Table 3Up also shows changes in plasma lipids, lipoprotein cholesterol, and apolipoproteins B and A-I on low-fat minus high-fat diets. Triglycerides were increased on the low-fat diet, and total cholesterol, HDL-C, and apoA-I were decreased in all apoE phenotype groups; these changes reached significance only for the apoE3/3 and apoE4/3 groups. ApoB levels did not change significantly in any group after changing to the low-fat diet. Diet-induced decreases in total cholesterol were significantly (P=.02) different between phenotypes, with progressively greater reductions from apoE3/2 (-0.15±0.16 mmol/L) to apoE3/3 (-0.34±0.07 mmol/L) to apoE4/3 (-0.63±0.10 mmol/L). Diet-induced decreases in LDL-C were significant in all groups, but the differences among phenotypes for three-group comparisons did not reach significance (P=.11). Two-group comparisons showed that the decrease in LDL-C in apoE4/3 (-0.58±0.10 mmol/L) was significantly (P=.05) greater than in apoE3/3 (-0.39±0.06 mmol/L). However, after adjustment for group differences in high-fat LDL-C or LDL total mass (Sfo 0 to 20), apoE4/3 no longer significantly predicted change in LDL-C. There were no significant differences in diet-induced changes in triglycerides, HDL-C, apoB, or apoA-I among the apoE phenotypes.
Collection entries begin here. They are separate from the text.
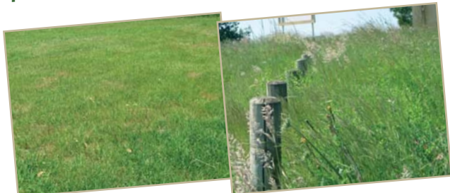
Trop court !

Non, l'herbe n'est plus à abattre à tout prix et ce n'est pas forcément de la mauvaise herbe !
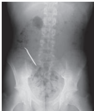
Abdomenübersicht mit Fremdkörper
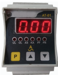
VIPS AT-01 ( 182.10.030)
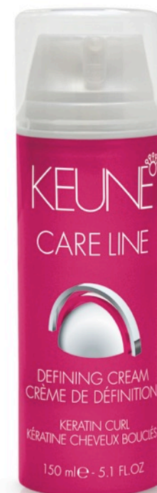
Curl Defining Cream 150ml
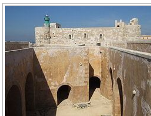
Interno del castello

Anche i dati costruttivi accrescono i dubbi. Manca infatti il baglio, cioè la piazza d'arme, quello spazio interno che consentiva le manovre delle macchine da guerra, le ingombranti catapulte, o trabucchi, destinate a lanciare pietre o altro. Né l'interno viene in nostro soccorso, in quanto vi è una grande sala ipostila, cioè piena di crociere e di colonne che ha soltanto nel modulo centrale un prezioso cortile ma che non ha niente a che vedere con lo spazio di manovra. Le torri stesse, ingombrate all'interno dalle scale, non potevano servire a scopi difensivi. Inoltre l'assenza di strutture abitative, dei depositi per le derrate alimentari e per il munizionamento,
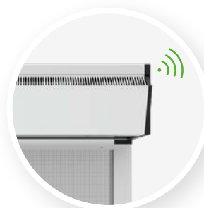
Option : TronicTwin 120
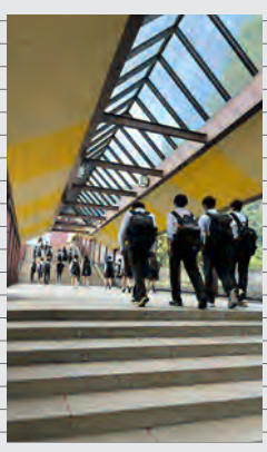
その他(私立、他道府県)
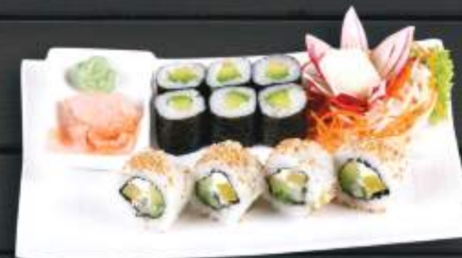
210. AVO SESAME MAKI ( 6KS ) BUDDHA ROLL ( 4KS ) 199 Kč (A: 4,6,7)
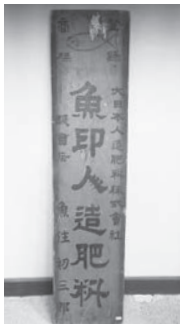
魚住家の「人造肥料」の看板

野々市の魚住家は「ようや」という屋号で食品や肥料を売る商売をしていました。建物に入っすぐのミセノマとよばれる部屋では、こんかにしん、野菜、菓子をはじめ、台所用品や紙・墨・炭・油などがたたるや陳列台に並んで売られていました。東京に本社があった大日本人造肥料株式会社の化学肥料を取り扱う店であることを示す大正から昭和時代初期の看板も残っており、まちの雑貨屋さんとして昭和 48(1973) 年まで、野々市のにぎわいを支えていました。

Dietary Changes in Lipoprotein Mass Concentrations by ApoE Phenotype
Table 4Down shows plasma lipoprotein mass concentrations after the high- and low-fat diets by apoE phenotype group. After the high-fat diet, there were no significant differences between the groups for mass of VLDL, IDL, LDL-III, LDL-IV, HDL2, or HDL3. There were significant (P<.05) differences among phenotypes, however, for mass of LDL-I and LDL-II, with progressive increases from apoE3/2 to apoE3/3 to apoE4/3 for both LDL-I and LDL-II. After the low-fat diet, the differences among the groups remained significant (P<.05) for LDL-II.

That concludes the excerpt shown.